*What you will do*.
Give the lines again exactly as they appear, from the first line of the listing through the line containing "花与寻童装女童卫衣2026年春款芭比印花软糯亲肤宽松休闲百搭上衣", and omit every picture.

*Given records*.
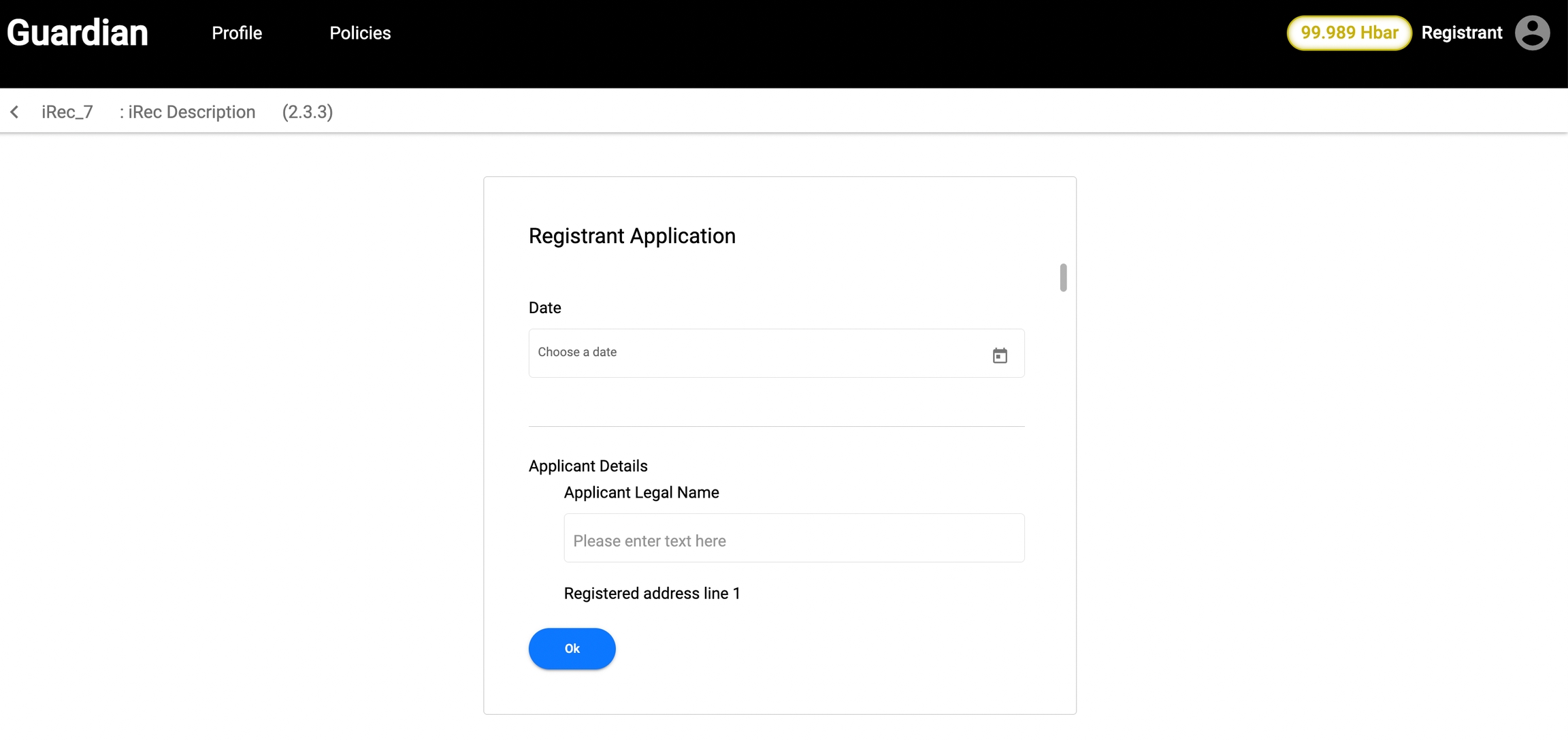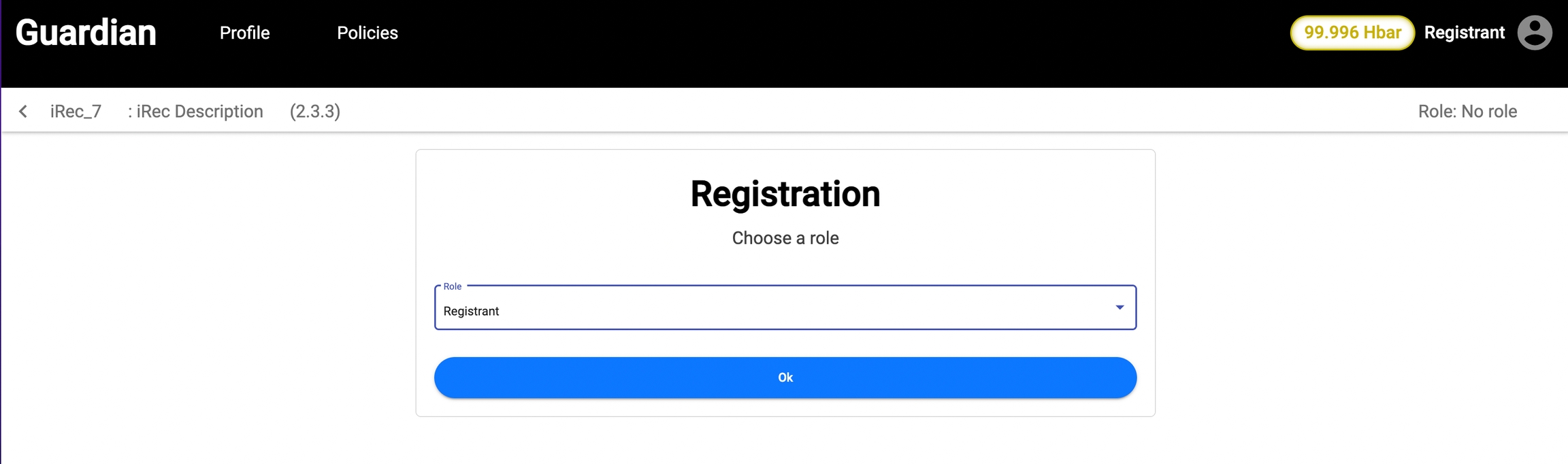 4. Once the policy is published, we will logout and login as Registrant.Once we login as Registrant, we will setup Registrant role by selecting Standard Registry from the dropdown, generating Operator ID and Operator Key as shown below:
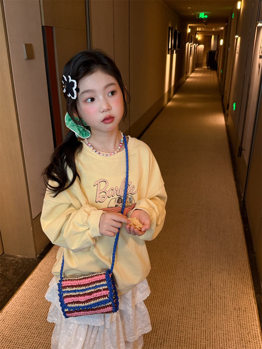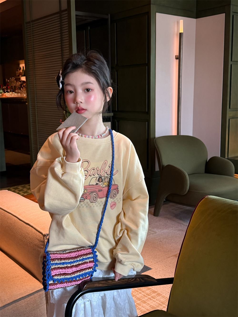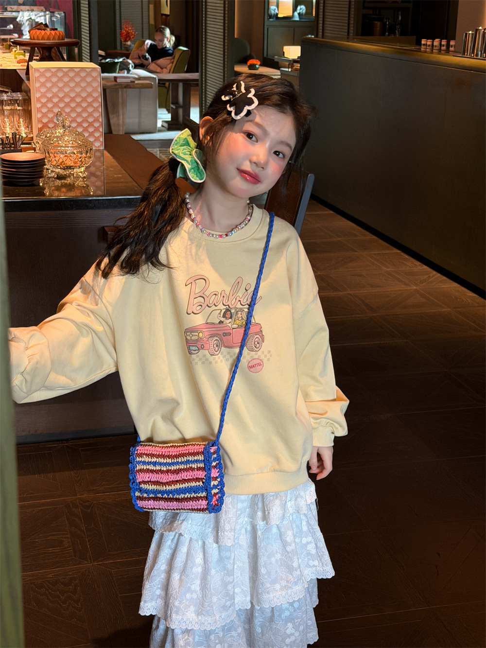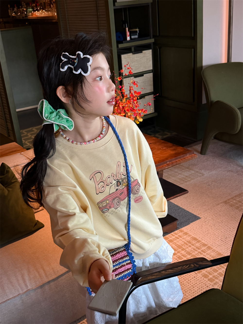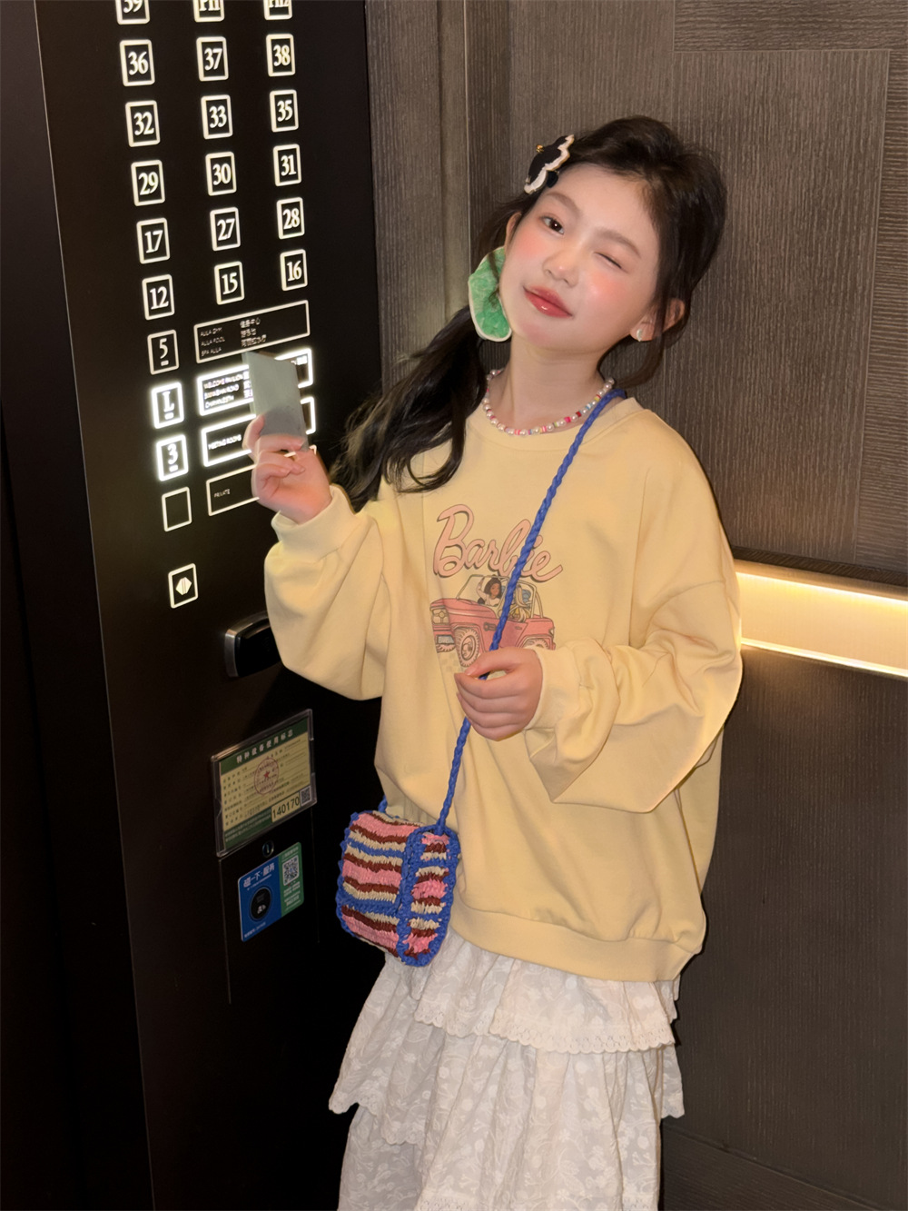花与寻童装女童卫衣2026年春款芭比印花软糯亲肤宽松休闲百搭上衣
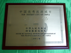 其中,旅游购物街全长0.8公里,共分三层,首层拥有各类经营门面近400家,顶层为空中花园。 市委、市政府通过多种形式的管理和教育手段进行两个文明建设,市民综合素质明显提高。在获得“全省双拥模范城”之后,我市又被评为“全国卫生城市”、“省精神文明先进城市”。三年来,我市共涌现出2个“全国精神文明先进单位”,近20个“省级文明先进单位”100多个江门市级“文明先进单位”。 (五)碉楼文化放异彩 宝剑锋从磨砺出,梅花香自苦寒来...... 通过一系列重在实效的创优活动,开平的旅游经济、城市建设、文明水平、环境面貌、服务水平、城市人民的精神风貌都发生了深刻的变化,一个充满浓郁碉楼文化色彩的现代化侨乡旅游城市已呈现在世人面前。 创优以来,开平旅游旺季更旺,淡季不淡,旅游总收入不断增长,有效带动第三产业的发展。2002年全年接待国内外旅游者149.37万人次,比上年增长14.90%,其中国内旅游者128.37万人次,国际旅游者21.00万人次。在接待国内外旅游者中旅游饭店住宿旅客19.10万人次。全市旅游总收入5.76亿元,比去年增长20.00%,其中旅游外汇1430万美元,旅游商品收入1.52亿元,旅游商品创汇311.30万美元。 市委书记赵瑞彰指出:争创中国优秀旅游城市,给开平带来了可喜的变化,带来了新的氛围,带来了不断向上的新精神。一是城市美丽了,二是开平的知名度提高了,三是开平的品位迅速向外界推开。同时,通过创优,党委和政府的凝聚力增强了,市民的荣誉感、责任感增强了,文明水平提高了。总之,创优对于推动开平经济和社会的和谐协调发展,起到了重大和积极的作用。希望党委和政府及部门还要严格按照确定的目标,高标准,严要求,齐心协力,抓紧落实,确保创优成功! 潭江水长归大海,开平旅游联五洲。二十一世纪的历史巨轮满载着68万开平人,75万开平海外侨胞的殷切期盼,在“三个代表”重要思想指引下,乘着党的“十六大”强劲东风,朝着中国优秀旅游城市的目标破浪前进。胡锦涛总书记视察广东发表的重要讲话,增创新优势,当好排头兵,更是激励着开平人民百尺竿头,不断进取,全力以赴把开平建成一个百业兴旺,环境优美,持续发展,人民幸福,社会和谐,具有独特碉楼文化特色的优秀旅游城市!
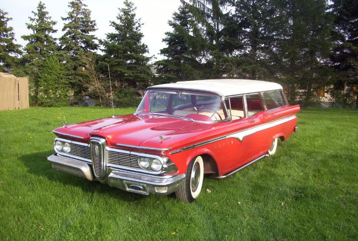 It’s not easy to find an Edsel Villager, as this car was produced in limited numbers between 1958 and 1960. It’s the intermedia trim level, offered in six and nine-passenger styles. This model shows a replacement of the boomerang-shaped taillights that caused problems in the 1958 models, as it confused drivers.
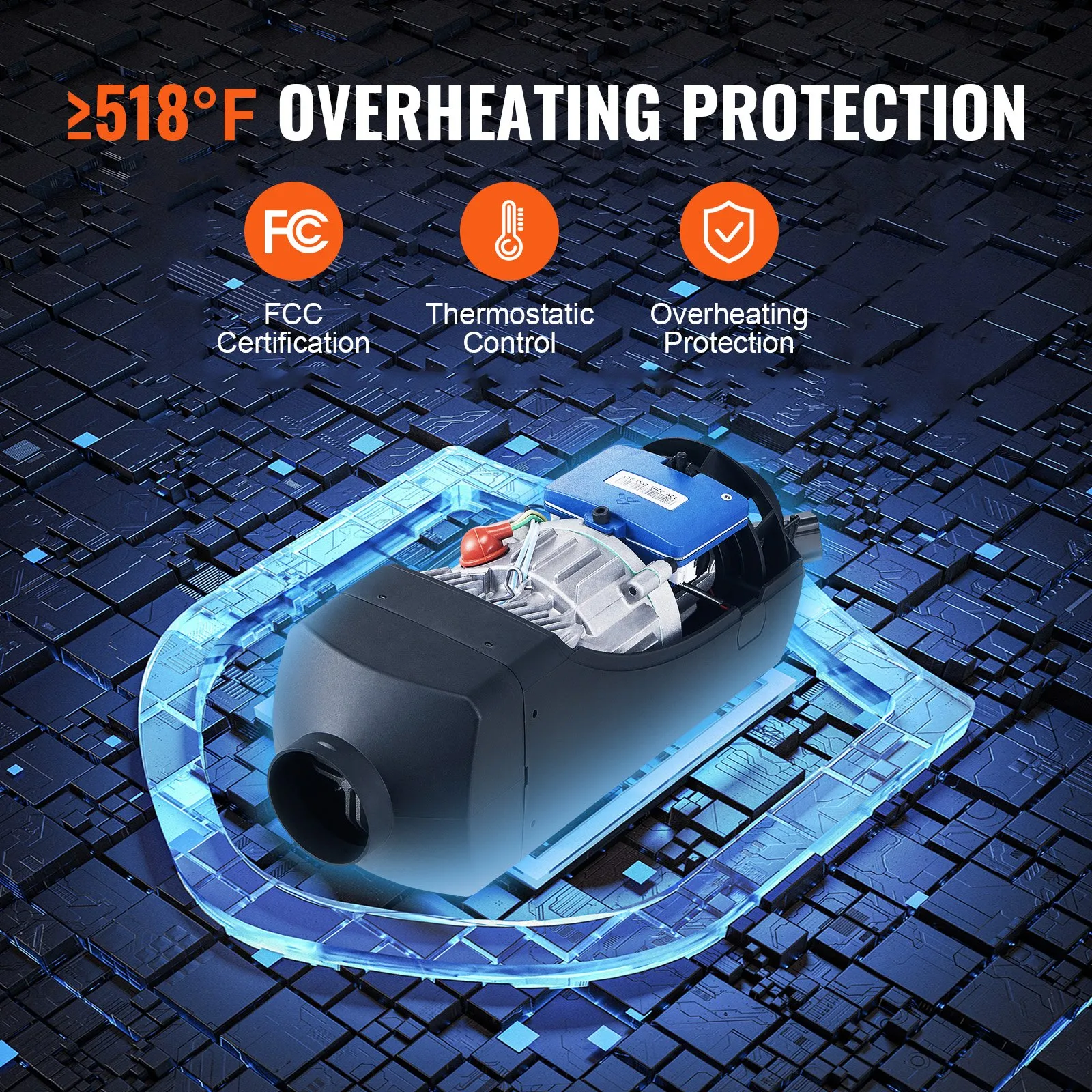 Seguro y confiable: Nuestro calentador de aire diésel cuenta con un sistema de alta seguridad que permite un uso sin preocupaciones en diversos entornos, como automóviles, autocaravanas y barcos. Ofrece control constante de temperatura, función de temporizador, transmisión de voz, precalentamiento y protección contra sobrecalentamiento a ≥270 °C/518 °F, lo que garantiza una experiencia segura y cómoda durante toda la noche.

*Response area*.
 4. Once the policy is published, we will logout and login as Registrant.Once we login as Registrant, we will setup Registrant role by selecting Standard Registry from the dropdown, generating Operator ID and Operator Key as shown below:
花与寻童装女童卫衣2026年春款芭比印花软糯亲肤宽松休闲百搭上衣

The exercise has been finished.